You can chain interrogatory LLMs: first use one to build a context document, then use another (or the same) to review it with a different expert. For instance, a product manager could use an interrogatory LLM to draft a feature spec, and then a QA engineer could use another interrogatory LLM session to validate the spec against real‑world behavior. This ensures both creation and verification are thorough.

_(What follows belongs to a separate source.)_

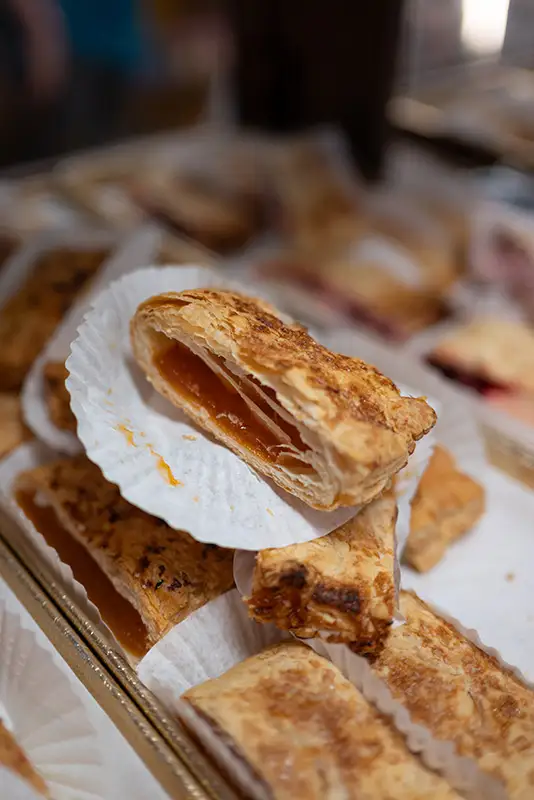 Flaky pastry filled with Sweet Raspberry and Mild Red Chile filling, baked until golden and dusted with Sugar Crystals.

Step 7: Apply Broader Uses

The technique isn’t limited to LLM tasks. Many people find writing difficult and prefer talking. If you need to extract knowledge from a colleague or a subject matter expert who struggles with writing, ask them to be interviewed by an LLM. The resulting text may have an “AI‑writing tang,” but it’s far better than having no documentation at all. To do this, set up the same process: the expert answers the LLM’s questions, and the LLM produces a coherent document.

Tips for Success

  • Enforce the one‑question rule. LLMs naturally try to ask multiple questions at once. Remind them—firmly and repeatedly—to ask only one. You can add a system message like: “You must never ask more than one question in a single message.”
  • Be specific in your answers. Vague answers lead to vague context. If you’re unsure, say so, and ask the LLM to rephrase the question.
  • Use the LLM’s summarization ability. After several questions, ask for a summary to check alignment. For example: “Please list the main points you’ve gathered so far so I can confirm they’re correct.”
  • Accept the AI style. The output will sound like it was generated by an LLM. That’s okay—the goal is to capture information, not to win a literary prize. You can always polish later.
  • Split complex topics into multiple sessions. If the domain is huge, break it into logical parts. Each session focuses on one part, and you merge the context reports later.
  • Document the prompts you use. If you repeat the process, having a library of effective prompts saves time.

By following these steps, you can turn an LLM into a powerful interviewing tool that extracts knowledge efficiently, creating reliable context for complex tasks or verifying the accuracy of existing documents. It’s a practical way to bridge the gap between human expertise and machine processing.